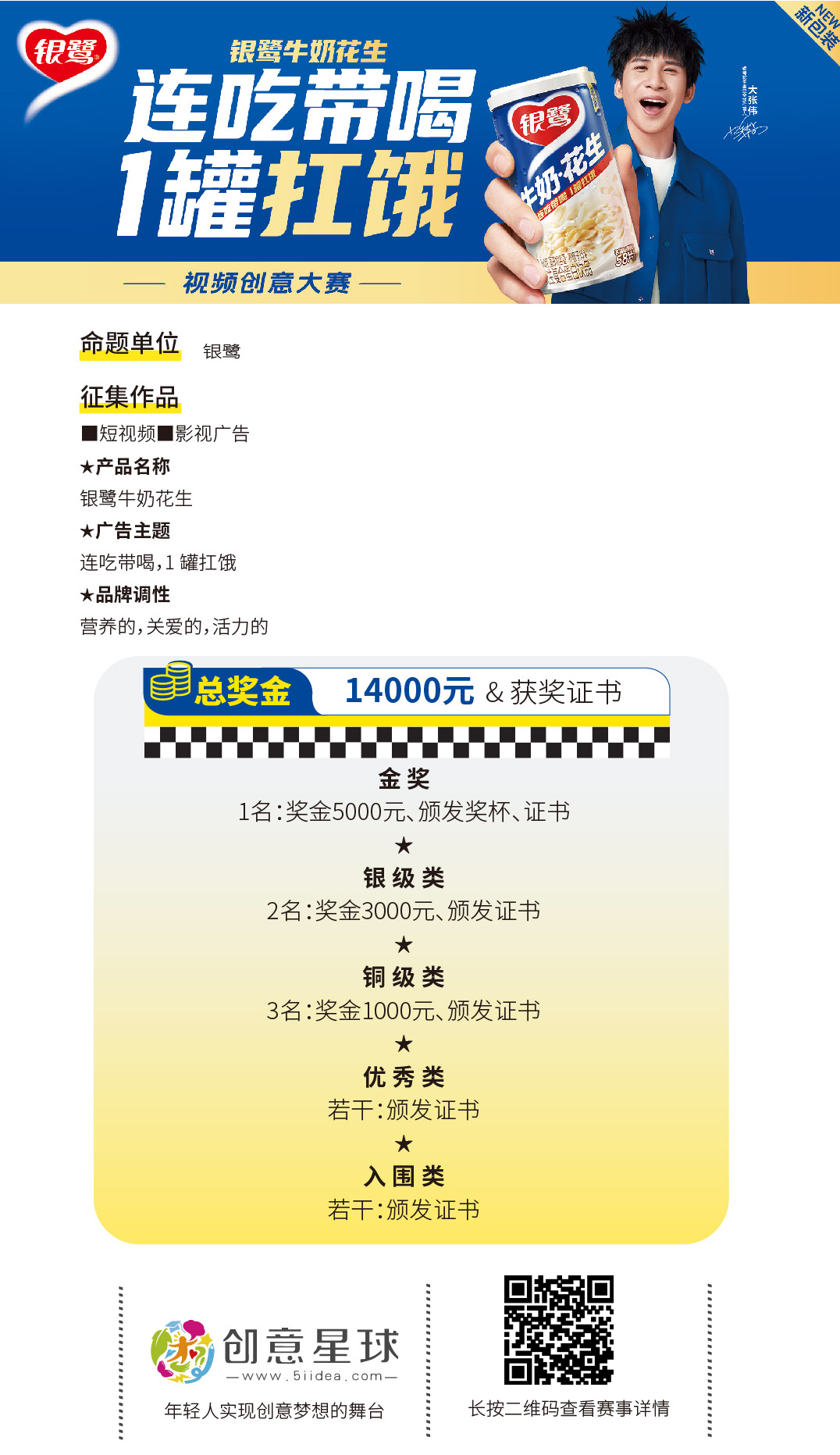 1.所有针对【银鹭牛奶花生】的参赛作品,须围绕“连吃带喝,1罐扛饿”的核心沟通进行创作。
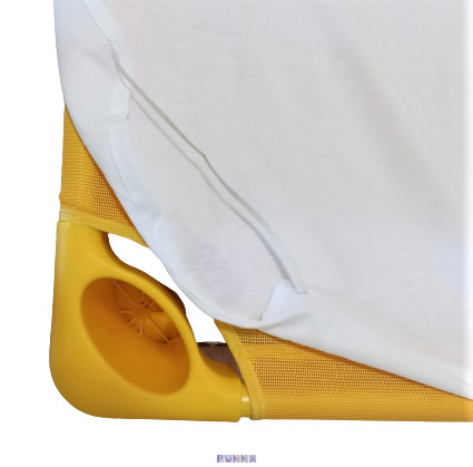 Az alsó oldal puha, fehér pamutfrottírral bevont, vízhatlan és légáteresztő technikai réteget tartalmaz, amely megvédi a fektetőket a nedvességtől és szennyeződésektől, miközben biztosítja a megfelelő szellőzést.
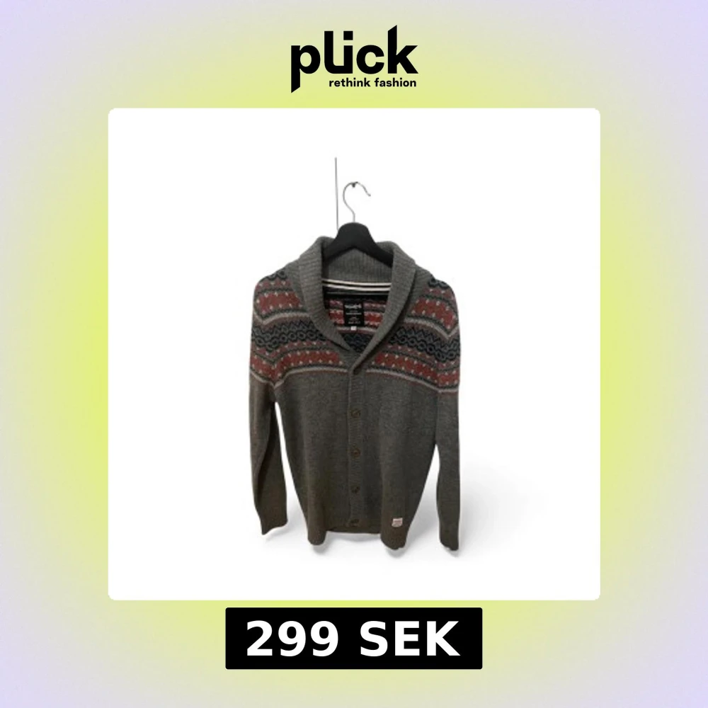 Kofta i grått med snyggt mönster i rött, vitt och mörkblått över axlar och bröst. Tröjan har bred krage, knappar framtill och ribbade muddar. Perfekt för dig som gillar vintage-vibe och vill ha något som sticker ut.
════════════════════
■ **TASK**: Return the material exactly as written, except for any pictures it holds.

■ **ANSWER SPACE**:
 1.所有针对【银鹭牛奶花生】的参赛作品,须围绕“连吃带喝,1罐扛饿”的核心沟通进行创作。
 Az alsó oldal puha, fehér pamutfrottírral bevont, vízhatlan és légáteresztő technikai réteget tartalmaz, amely megvédi a fektetőket a nedvességtől és szennyeződésektől, miközben biztosítja a megfelelő szellőzést.
 Kofta i grått med snyggt mönster i rött, vitt och mörkblått över axlar och bröst. Tröjan har bred krage, knappar framtill och ribbade muddar. Perfekt för dig som gillar vintage-vibe och vill ha något som sticker ut.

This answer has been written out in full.